Kipper Central’s editorial team has come to the conclusion that Paul’s time as leader has passed. He has done a good job in some areas but has failed miserably in others. He must accept responsibility for the awful results that have come through overnight and accept that he played an instrumental role in them. We hope he maintains a senior role within the party leadership and that his views and ideas continue to help guide the party in future, but his role should not be that of the leader in times ahead.
Allow us to explain our reasons for coming to this conclusion:
In the December leadership election, we fully backed Paul Nuttall to lead our party forward. We truly believed he would achieve three great things for our party.
Firstly, we believed Paul would unify the party. He had support from all of the party’s ‘wings’ and would be a great powerful force in united the factions. We do believe that he has done a good job of this (largely due to Carswell’s departure) and we commend him on his great work in this area, unequivocally.
Secondly, we believed he would drag UKIP into a direction away from Brexit and towards our other excellent policies, including lower taxation and cracking down on Radical Islam and crime. However, this is not been the case. While there has been a bigger focus on Islam, it has not gone far enough in some areas, such as not campaigning for a ban on Halal and not ramping up the anti-Tory rhetoric following their failure to prevent the attacks in Manchester and London. Furthermore, voices critical of Islam, notably that of Anne Marie Waters have been effectively silenced. Whatever you may think of her views they certainly have a clear constituency within UKIP and the wider country and they deserve to be heard but at the first sign of establishment media pressure, Paul buckled and pushed through her deselection as our candidate for Lewisham East.

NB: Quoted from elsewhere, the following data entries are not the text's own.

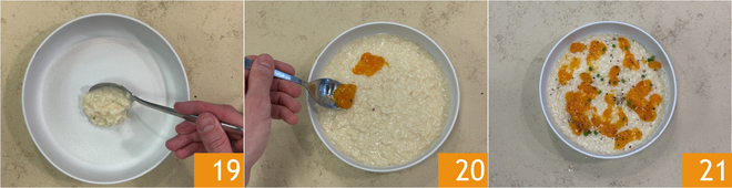 En este punto, sirve el risotto distribuyéndolo en el centro del plato 19, luego completa con unas cucharadas de pulpa de caquis preparada al inicio 20, una pizca de pimienta negra machacada 20 y finalmente algunos tallos de cebollino para dar frescura y color. ¡Tu risotto de caquis y taleggio está listo para ser servido 21!
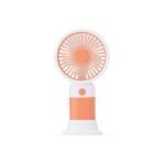 Mini ventilador plastico recarregavel com base removivel e botao de acionamento. Acompanha cabo usb.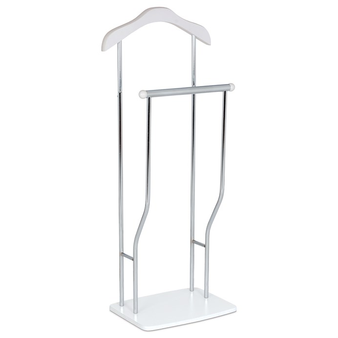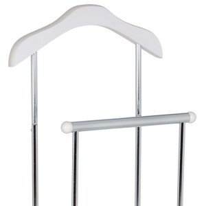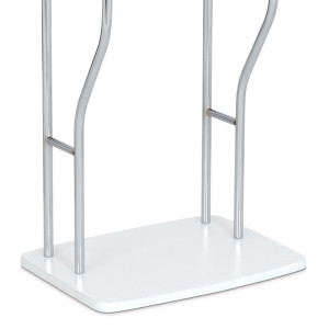 Dotaz na produktNěmý sluha v bílém matném laku z MDF a s chromovanými kovovými prvky nabízí praktické řešení pro uložení oblečení a doplňků. Jeho pevná základna zajišťuje stabilitu, zatímco horní část ve tvaru ramínka umožňuje zavěšení košil, sak či kalhot. Kompaktní výška 108 cm usnadňuje umístění v ložnici nebo předsíni, přičemž nosnost do 5 kg odpovídá běžné domácí potřebě. Design kombinuje jednoduchost a funkčnost, což ocení každý, kdo hledá nenáročný způsob organizace oblečení.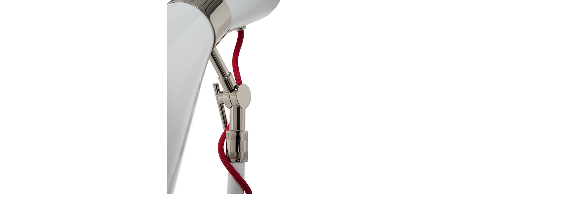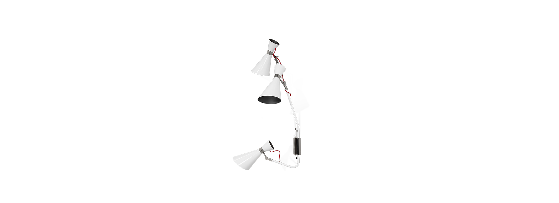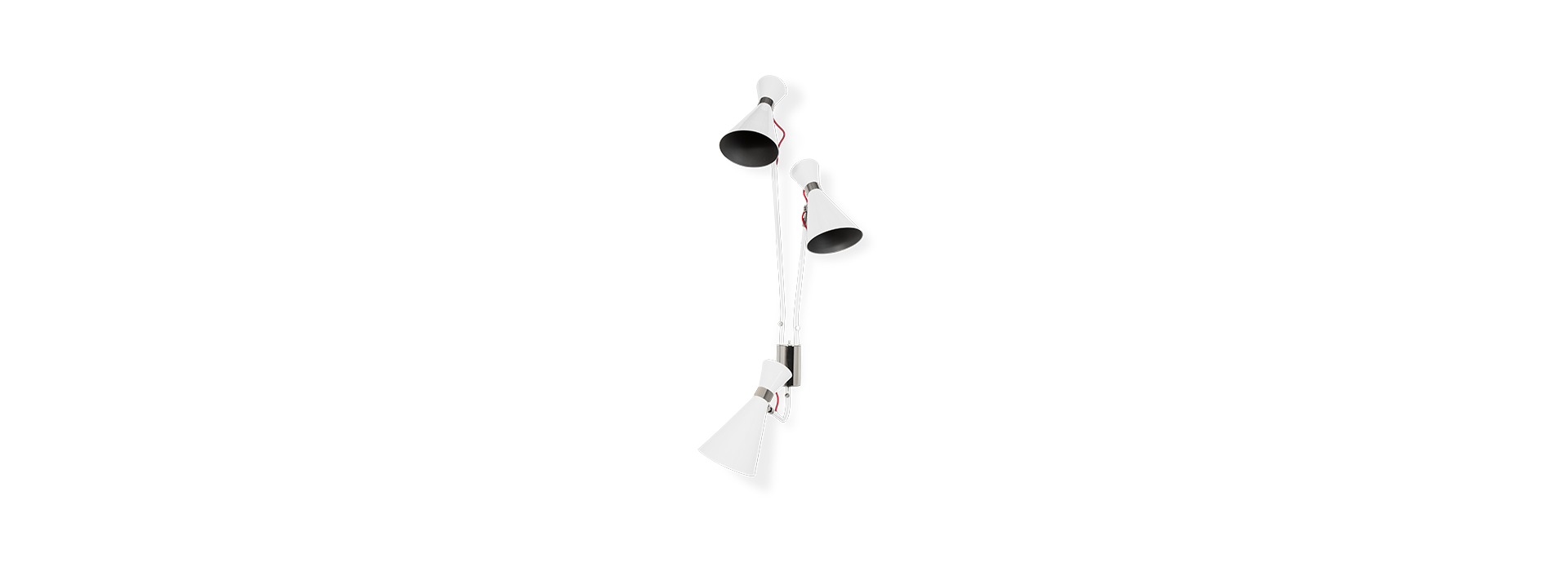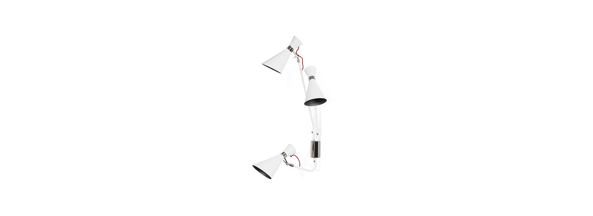 Simone wall lamp has a sleek, utilitarian design that brings a vintage flair to mid-century modern interiors. With a glossy white shade and a textile red wire, the vintage wall light fits in with a wide array of color schemes and styles. The three fully flexible arms are made of aluminum and the structure in brass, boasting three cone lampshades with gold plated accents. This mid-century modern sconce is easily changeable when in need of a reading light, especially as a bedside lamp, or if you are simply looking to light up your hallway.

Thirdly, we believed he would be able to gather the support of Labour voters in the North, having come from that background and understanding the issues facing this demographic. Again, this has not been the case. Seats like Hartlepool that should be prime targets, with our excellent candidate in Phillip Broughton and the great campaigning locally that has been going on. However, we have not put a huge focus on the seat because we just not popular there. This is in many ways a failure of our leadership to grasp these voters because they are exactly who UKIP should be winning over. Labour, in fact, have benefited from the collapsing UKIP vote because Mr Corbyn has offered them the radicalism they so desperately crave – it is not the radicalism they ultimately want on issues such as immigration and Islam but it is radicalism nonetheless. It is therefore not surprising that in seats such as Hartlepool we lost 16% of our vote mostly, not to the Conservatives, but to Mr Corbyn’s Labour Party. We cannot pass this point by without reference to the by-election defeat in Stoke Central which ultimately is a highly personal failing on Paul’s part as well as an indictment of his failure in the above regard. Finally, we must say clearly that UKIP does not do enough to address ‘bread and butter’ quality of life issues and address ourselves to a working-class audience that we have lost a lot of last night.
As a result of Paul’s resounding victory, we got right behind him and was convicted in my support. However, as the election campaign progressed, it became clear he was not fit for the job. He was being weak on many key issues such as the environment and taxation when we should be pushing our policies much harder. Nigel Farage is right to cite the critical weakness in our campaigning machine and Paul has failed to address that – the results speak for themselves, -36% in Clacton, for example, addressing this weakness must be the priority of an incoming leader.
We hope Paul will step down for the good of the Party and oversee a healthy leadership election, in which radical ideas and campaigns are put forward for the party, so as to maintain the style of Farage! We hope that the like of Bill Etheridge, John Rees-Evans and Anne Marie Waters stand so that radical ideologies and policies are promoted both within the party and to the wider electorate.